All entries should be copied exactly; the pictures stay out.
▽
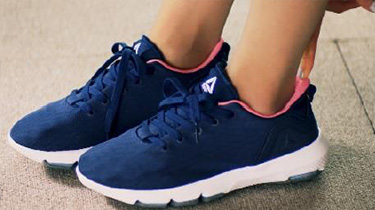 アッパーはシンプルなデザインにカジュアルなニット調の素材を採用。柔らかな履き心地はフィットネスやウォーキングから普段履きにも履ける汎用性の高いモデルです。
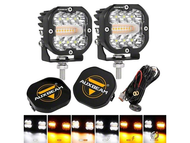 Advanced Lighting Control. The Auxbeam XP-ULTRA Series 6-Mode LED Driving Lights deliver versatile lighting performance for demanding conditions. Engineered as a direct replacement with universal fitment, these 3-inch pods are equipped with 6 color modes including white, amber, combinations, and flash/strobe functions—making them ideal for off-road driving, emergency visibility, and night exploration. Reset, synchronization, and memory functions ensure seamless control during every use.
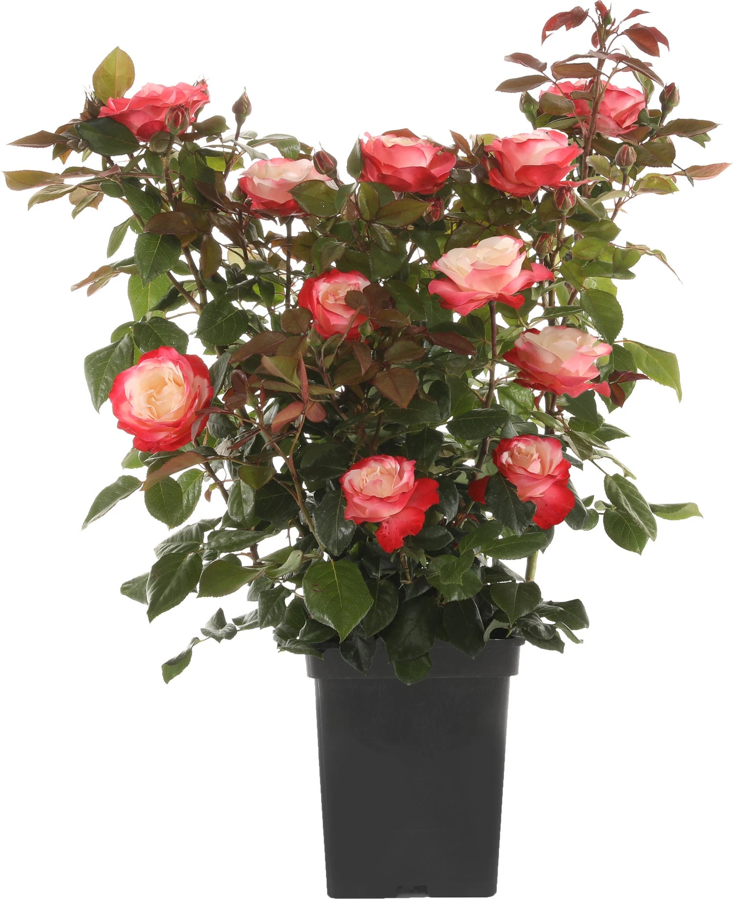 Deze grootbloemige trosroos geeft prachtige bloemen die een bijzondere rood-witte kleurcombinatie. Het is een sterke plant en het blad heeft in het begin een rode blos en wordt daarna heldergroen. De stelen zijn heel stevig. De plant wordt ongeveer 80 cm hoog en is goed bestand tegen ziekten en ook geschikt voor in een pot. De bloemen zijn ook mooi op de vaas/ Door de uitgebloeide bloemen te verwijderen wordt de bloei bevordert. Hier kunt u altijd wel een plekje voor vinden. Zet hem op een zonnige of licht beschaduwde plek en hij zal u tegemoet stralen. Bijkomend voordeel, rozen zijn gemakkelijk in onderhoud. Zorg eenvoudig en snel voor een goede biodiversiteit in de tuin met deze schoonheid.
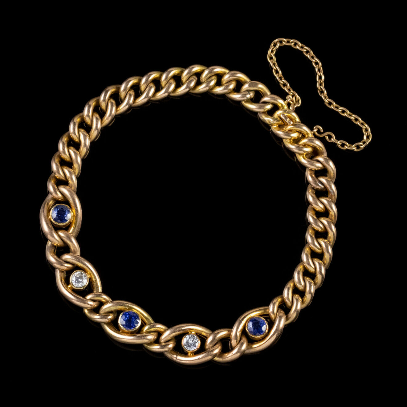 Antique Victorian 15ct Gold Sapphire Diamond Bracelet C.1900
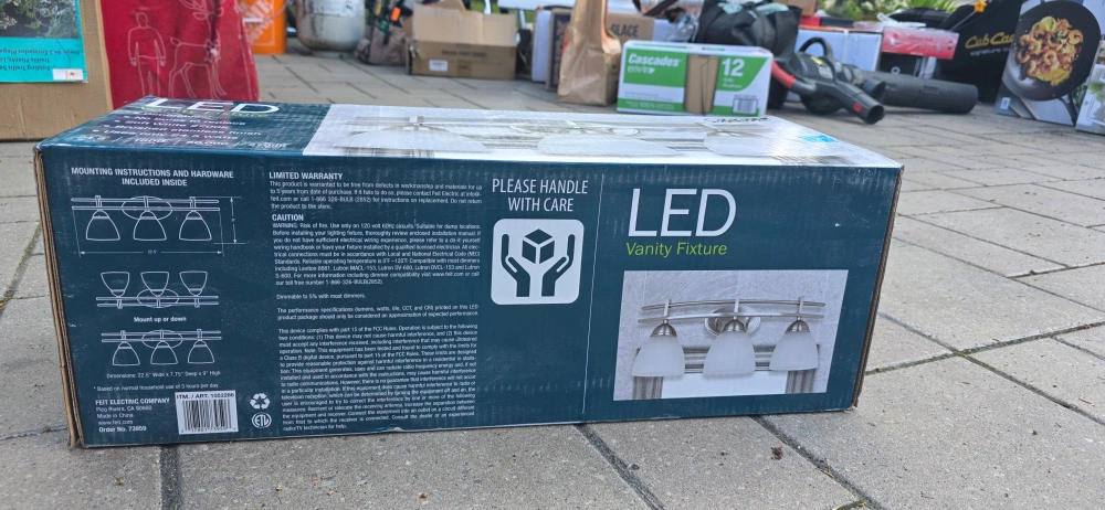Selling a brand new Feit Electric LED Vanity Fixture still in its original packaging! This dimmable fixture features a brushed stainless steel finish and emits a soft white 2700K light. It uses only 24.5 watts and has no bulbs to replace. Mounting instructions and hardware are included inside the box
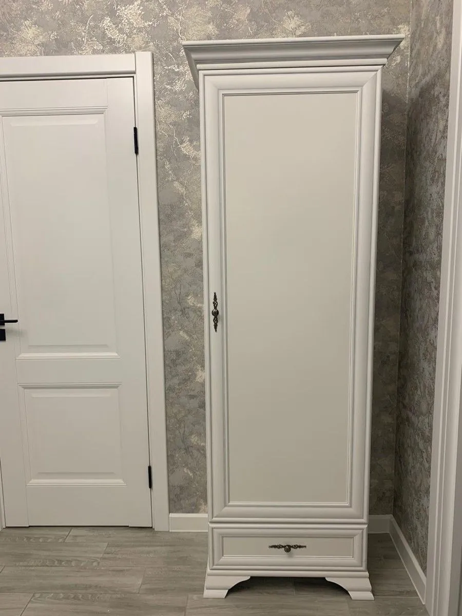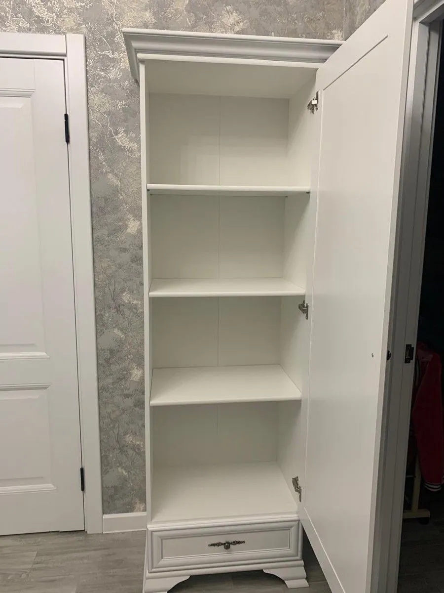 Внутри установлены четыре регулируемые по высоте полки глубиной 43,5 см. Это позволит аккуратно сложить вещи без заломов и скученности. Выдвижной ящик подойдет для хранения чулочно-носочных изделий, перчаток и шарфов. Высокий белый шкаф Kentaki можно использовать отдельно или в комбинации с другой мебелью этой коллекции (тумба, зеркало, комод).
△
— SOLUTION FOR THIS PROBLEM —
 アッパーはシンプルなデザインにカジュアルなニット調の素材を採用。柔らかな履き心地はフィットネスやウォーキングから普段履きにも履ける汎用性の高いモデルです。
 Advanced Lighting Control. The Auxbeam XP-ULTRA Series 6-Mode LED Driving Lights deliver versatile lighting performance for demanding conditions. Engineered as a direct replacement with universal fitment, these 3-inch pods are equipped with 6 color modes including white, amber, combinations, and flash/strobe functions—making them ideal for off-road driving, emergency visibility, and night exploration. Reset, synchronization, and memory functions ensure seamless control during every use.
 Deze grootbloemige trosroos geeft prachtige bloemen die een bijzondere rood-witte kleurcombinatie. Het is een sterke plant en het blad heeft in het begin een rode blos en wordt daarna heldergroen. De stelen zijn heel stevig. De plant wordt ongeveer 80 cm hoog en is goed bestand tegen ziekten en ook geschikt voor in een pot. De bloemen zijn ook mooi op de vaas/ Door de uitgebloeide bloemen te verwijderen wordt de bloei bevordert. Hier kunt u altijd wel een plekje voor vinden. Zet hem op een zonnige of licht beschaduwde plek en hij zal u tegemoet stralen. Bijkomend voordeel, rozen zijn gemakkelijk in onderhoud. Zorg eenvoudig en snel voor een goede biodiversiteit in de tuin met deze schoonheid.
 Antique Victorian 15ct Gold Sapphire Diamond Bracelet C.1900
Selling a brand new Feit Electric LED Vanity Fixture still in its original packaging! This dimmable fixture features a brushed stainless steel finish and emits a soft white 2700K light. It uses only 24.5 watts and has no bulbs to replace. Mounting instructions and hardware are included inside the box
 Внутри установлены четыре регулируемые по высоте полки глубиной 43,5 см. Это позволит аккуратно сложить вещи без заломов и скученности. Выдвижной ящик подойдет для хранения чулочно-носочных изделий, перчаток и шарфов. Высокий белый шкаф Kentaki можно использовать отдельно или в комбинации с другой мебелью этой коллекции (тумба, зеркало, комод).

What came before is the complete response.